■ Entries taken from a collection
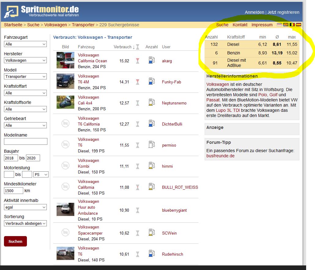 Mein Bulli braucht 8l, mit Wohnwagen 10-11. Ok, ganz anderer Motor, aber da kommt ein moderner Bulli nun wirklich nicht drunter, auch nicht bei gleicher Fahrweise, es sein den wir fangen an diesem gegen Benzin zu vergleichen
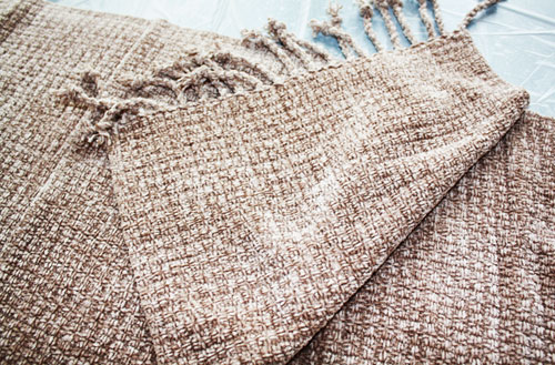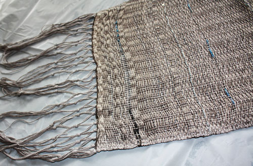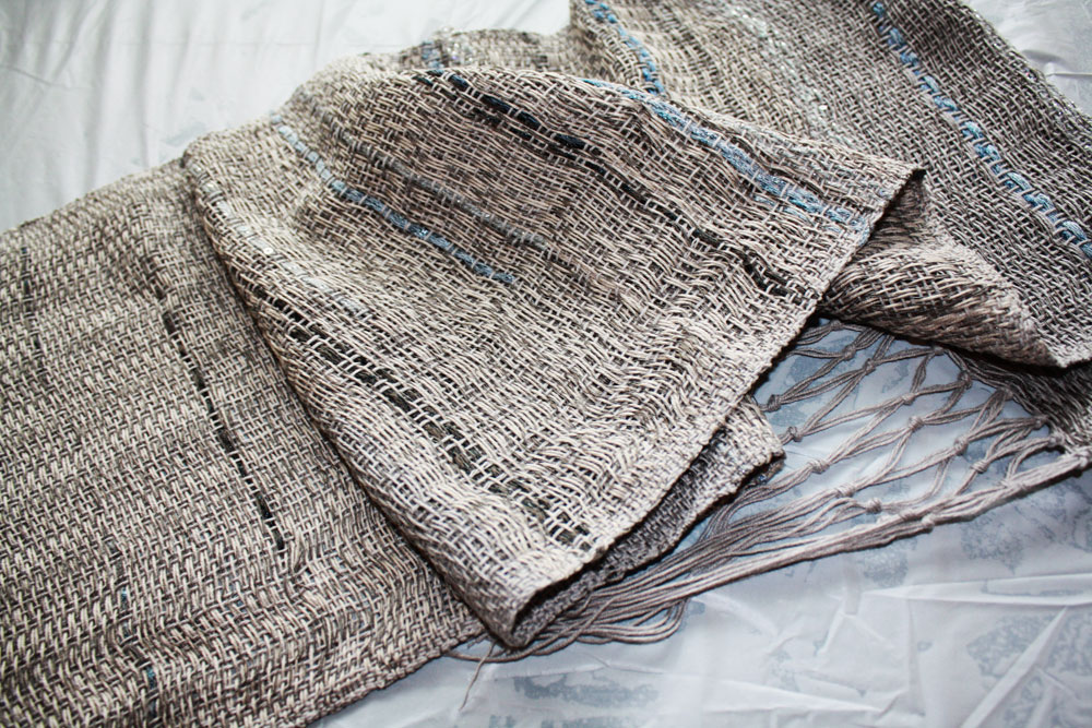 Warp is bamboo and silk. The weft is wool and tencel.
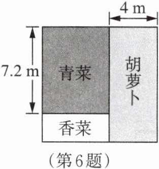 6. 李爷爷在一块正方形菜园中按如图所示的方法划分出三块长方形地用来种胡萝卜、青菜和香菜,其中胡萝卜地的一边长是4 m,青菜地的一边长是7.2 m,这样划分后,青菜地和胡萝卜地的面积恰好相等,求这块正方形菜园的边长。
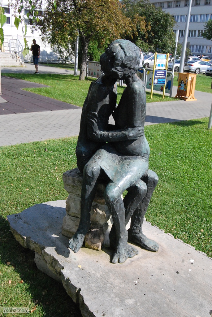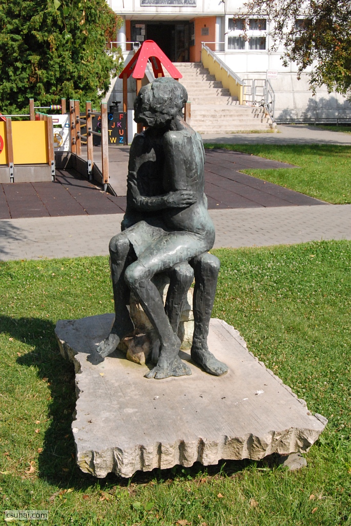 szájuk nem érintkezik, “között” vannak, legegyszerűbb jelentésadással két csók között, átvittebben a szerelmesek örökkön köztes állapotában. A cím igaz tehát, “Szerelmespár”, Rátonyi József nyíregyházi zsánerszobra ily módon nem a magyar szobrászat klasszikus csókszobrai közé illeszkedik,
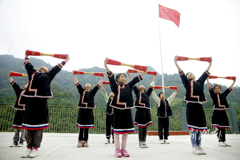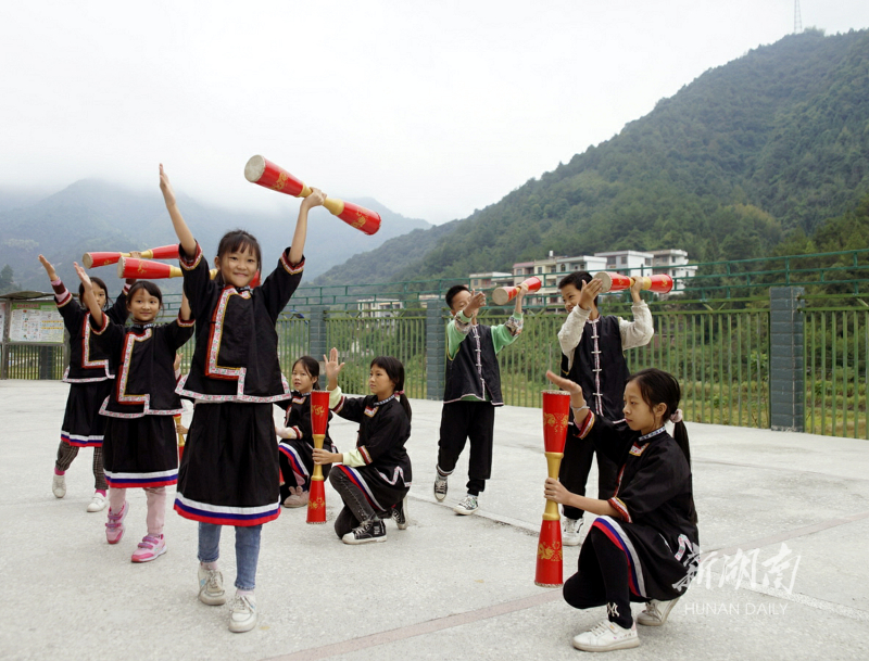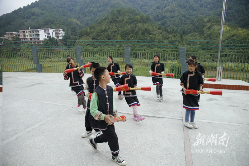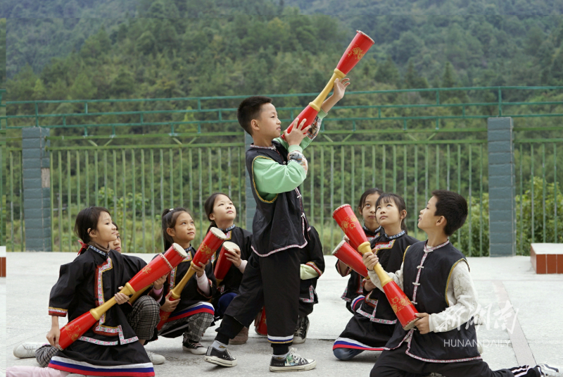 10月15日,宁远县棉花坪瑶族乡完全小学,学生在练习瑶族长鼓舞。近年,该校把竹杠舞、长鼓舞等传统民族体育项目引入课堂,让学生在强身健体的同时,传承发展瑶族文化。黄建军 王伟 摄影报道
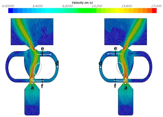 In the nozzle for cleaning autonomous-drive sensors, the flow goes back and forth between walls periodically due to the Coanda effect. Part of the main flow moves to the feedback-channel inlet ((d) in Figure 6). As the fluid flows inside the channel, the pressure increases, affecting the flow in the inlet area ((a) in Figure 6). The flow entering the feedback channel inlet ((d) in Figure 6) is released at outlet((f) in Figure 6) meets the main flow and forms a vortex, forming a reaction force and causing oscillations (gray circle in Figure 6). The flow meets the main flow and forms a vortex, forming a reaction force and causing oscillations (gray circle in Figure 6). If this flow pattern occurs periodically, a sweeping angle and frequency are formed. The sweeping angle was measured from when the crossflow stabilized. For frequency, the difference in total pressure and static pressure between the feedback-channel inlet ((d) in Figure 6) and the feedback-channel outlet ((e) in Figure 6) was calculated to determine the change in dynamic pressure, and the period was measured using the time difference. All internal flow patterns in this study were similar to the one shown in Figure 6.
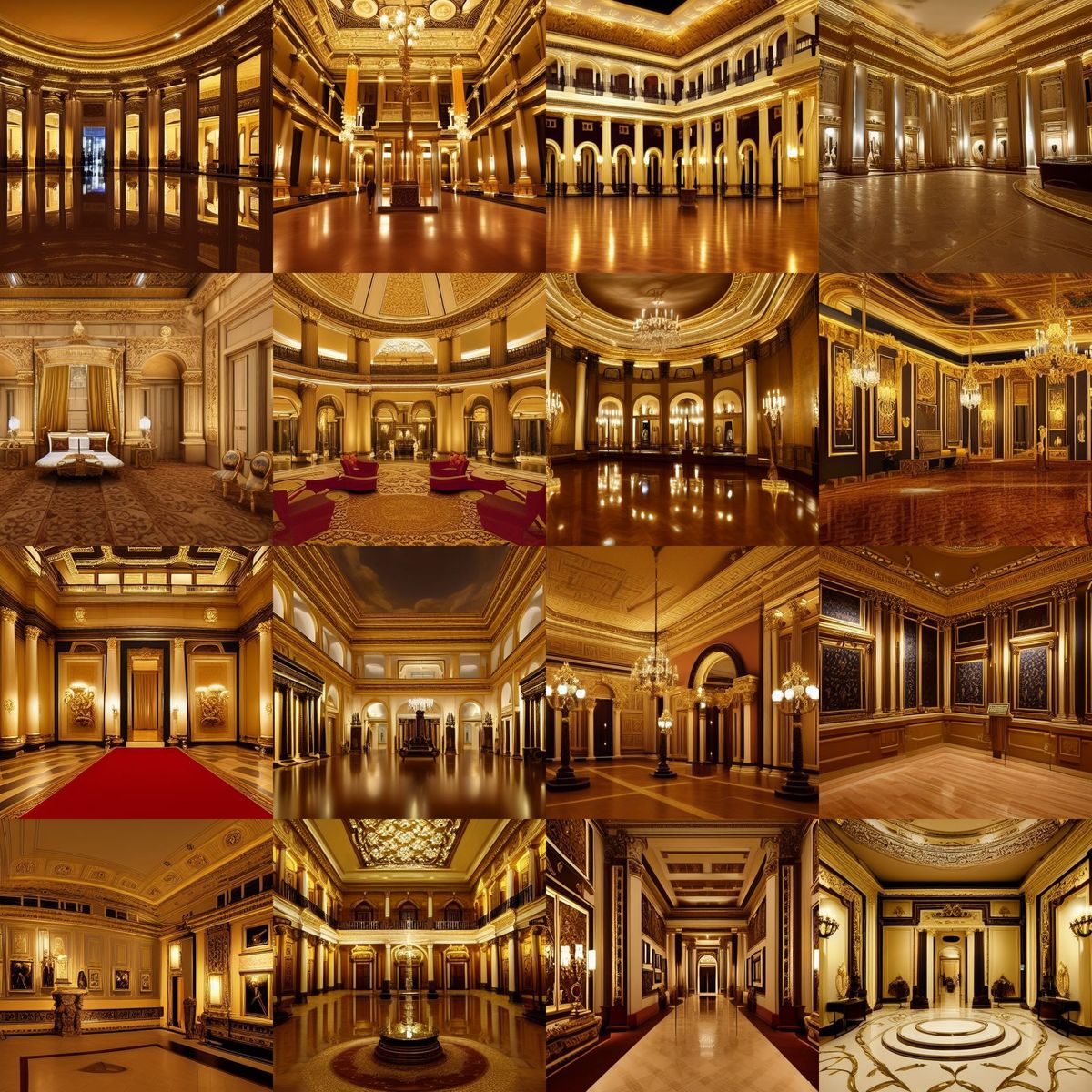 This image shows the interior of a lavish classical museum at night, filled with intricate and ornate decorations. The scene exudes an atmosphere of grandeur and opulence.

■ TRY IT
All records above are to be repeated exactly, with the images left out.

■ ANSWER SPACE
 Mein Bulli braucht 8l, mit Wohnwagen 10-11. Ok, ganz anderer Motor, aber da kommt ein moderner Bulli nun wirklich nicht drunter, auch nicht bei gleicher Fahrweise, es sein den wir fangen an diesem gegen Benzin zu vergleichen
 Warp is bamboo and silk. The weft is wool and tencel.
 6. 李爷爷在一块正方形菜园中按如图所示的方法划分出三块长方形地用来种胡萝卜、青菜和香菜,其中胡萝卜地的一边长是4 m,青菜地的一边长是7.2 m,这样划分后,青菜地和胡萝卜地的面积恰好相等,求这块正方形菜园的边长。
 szájuk nem érintkezik, “között” vannak, legegyszerűbb jelentésadással két csók között, átvittebben a szerelmesek örökkön köztes állapotában. A cím igaz tehát, “Szerelmespár”, Rátonyi József nyíregyházi zsánerszobra ily módon nem a magyar szobrászat klasszikus csókszobrai közé illeszkedik,
 10月15日,宁远县棉花坪瑶族乡完全小学,学生在练习瑶族长鼓舞。近年,该校把竹杠舞、长鼓舞等传统民族体育项目引入课堂,让学生在强身健体的同时,传承发展瑶族文化。黄建军 王伟 摄影报道
 In the nozzle for cleaning autonomous-drive sensors, the flow goes back and forth between walls periodically due to the Coanda effect. Part of the main flow moves to the feedback-channel inlet ((d) in Figure 6). As the fluid flows inside the channel, the pressure increases, affecting the flow in the inlet area ((a) in Figure 6). The flow entering the feedback channel inlet ((d) in Figure 6) is released at outlet((f) in Figure 6) meets the main flow and forms a vortex, forming a reaction force and causing oscillations (gray circle in Figure 6). The flow meets the main flow and forms a vortex, forming a reaction force and causing oscillations (gray circle in Figure 6). If this flow pattern occurs periodically, a sweeping angle and frequency are formed. The sweeping angle was measured from when the crossflow stabilized. For frequency, the difference in total pressure and static pressure between the feedback-channel inlet ((d) in Figure 6) and the feedback-channel outlet ((e) in Figure 6) was calculated to determine the change in dynamic pressure, and the period was measured using the time difference. All internal flow patterns in this study were similar to the one shown in Figure 6.
 This image shows the interior of a lavish classical museum at night, filled with intricate and ornate decorations. The scene exudes an atmosphere of grandeur and opulence.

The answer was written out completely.